Victor P Taffa
As our population increases and ages the expansion of all heavy railway networks throughout Australia is essential in order to meet these growing pressures over the next few decades.
In a series of articles The Southern Thunderer investigates a number of issues that spells out why Governments of all persuasions must meet the challenges ahead and instead of deferring or abandoning railway expansion realise the positive impact that this will have on our economy and society as a whole.
The plans for expansion of our railways were included in the Detailed Overview Report as written by myself and distributed in the first instance in January 2001. On 26 February 2009 all of the plans became accessible via the internet. The website address is www.isput.com.au
The Detailed Overview Report will be used as a template for individual websites of Railway expansion that will be progressively launched for every State, Territory and a National focus.
Many of the plans for Sydney are simply a revival of routes laid out by John Bradfield during the 1920’s and there are routes that were drawn up during the 1910’s. The first article focuses on FINANCING & CONSTRUCTION.
FINANCING:
The sources of financing new railway lines in Sydney should include the following:
1) Federal Government funding
2) State Government funding
3) Private Consortium involvement
4) Railway Bonds
1) Federal Government funding:
The Commonwealth constitution provides for the construction of railways. Under S.51 Cl. xxxiv of the Commonwealth Constitution reads as follows:
The Parliament shall, subject to this Constitution, have power to make laws for the peace, order, and good government of the Commonwealth with respect to: Railway construction and extension in any State with the consent of that State.
2) State Government funding:
Every Government Department EXCEPT HEALTH would have their budgets cut by 10% for FOUR years to pay for new railway lines. When costing of Capital works is undertaken all stages and reports that are required will be produced in the one report thus reducing the overall cost of the project.
The immediate reaction to this idea is that frontline services or back office staff will be the first to go with a budget cut of 10% for FOUR years.
With sound management and a streamlined method of producing the reporting procedures of Government such as the numerous stages of reports such as those for Planning Projects will be able to meet the 10% budget cut without the need to slash staffing levels.
Department efficiencies are now possible given the advent of computer technology. Where the exception is given to Health, financial resources are invariably tied up in bureaucratic red tape and not in the actual delivery of frontline services.
3) Private Consortium involvement:
Enables new railway lines to be built years ahead that is normally possible.
4) Railway Bonds:
- Railway Bonds give ordinary citizens a sense of ownership of a newly built railway line.

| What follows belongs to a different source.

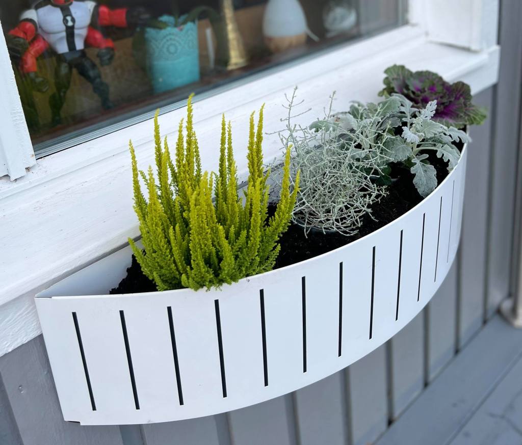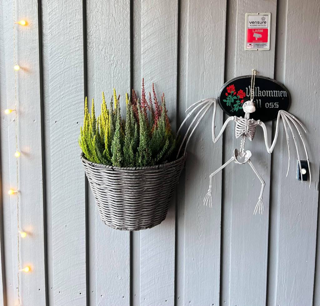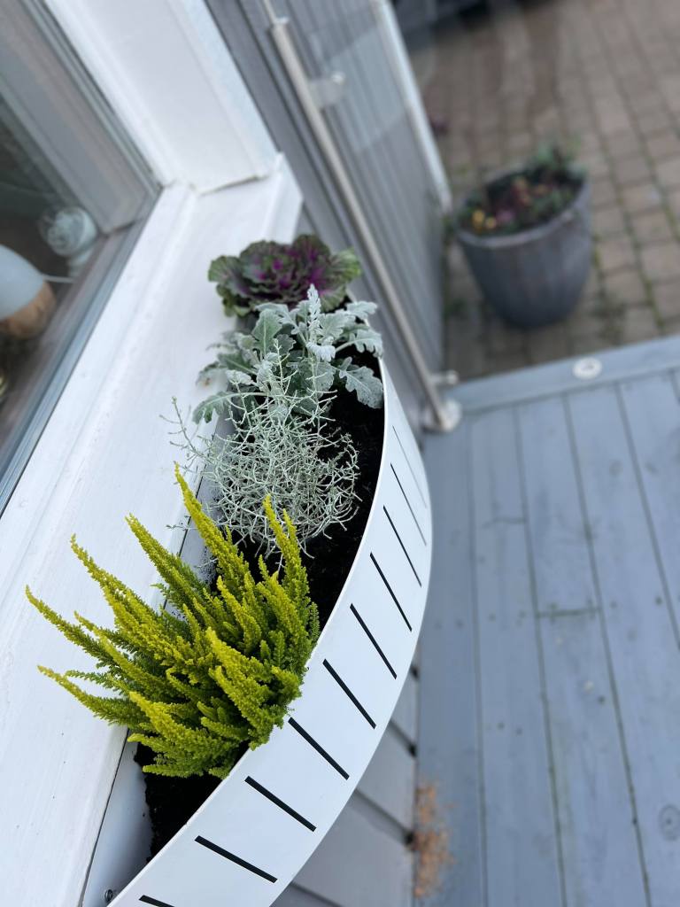 lillaMorsan hade ingen kurs idag så hon passade på att pynta `de gappande balkonglådorna´ sedan länge, med höstblommor. Och som ni ser lillemannen också vill hänga sin gubbe för – a little touch of Haloween – ❤
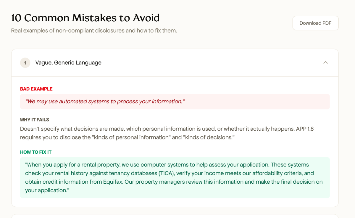 Yes. This is built specifically for Australia's Privacy Act amendments and OAIC requirements. It references the exact Australian Privacy Principles (APPs) and uses OAIC's guidance on what constitutes "significantly affects rights or interests."

- Railway Bonds would not adversely impact on our Banking system.
- Railway Bonds are the same as Government Bonds, with merely a different name. The railway bonds would have the guarantee of the NSW Treasury. Companies, private individuals and organizations would be encouraged to invest in railway bonds. Investors would earn a very good rate of interest and be TOTALLY FREE of any transaction fees or charges.
- The last occasion that Bonds were last issued by the NSW Treasury was when Neville Wran was Premier of New South Wales. During 1980, Premier State Bonds were issued for the raising of capital for Public Works expenditure.
- While Railway Bonds would not finance the construction of a line totally, at the time of investment, people could choose which rail line their bonds would be credited against. Later on, when the rail line opened, a commemorative board would be erected at a particular railway station recognising those persons, companies or organizations that financially contributed to the construction of that particular railway.
- Recipients of Social security benefits would on a voluntary basis are encouraged to contribute towards the purchase of railway bonds also. Those unemployed persons who supported railway bonds would be considered first for training and employment opportunities when the new railway lines opened.
- The NSW Treasury would receive increased revenues through land tax with the construction of new railway lines. The value of land increases when a railway line is built and this will be reflected in increased land tax revenue.
CONSTRUCTION:
1) The period of time to construct new railway lines would be a 30 year period.
2) There would be three lines under construction at the same time.
3) New railway lines would incorporate sewerage and drainage pipes, Pay TV, Internet and electricity cables.
Railway line construction does not remove the need to maintain or upgrade roads. However given the large expansion of residential areas over many decades without a railway line it is quite apparent that there is a bias against the construction of railway lines.
The difference between the cost of construction of roads and railway lines is marginal.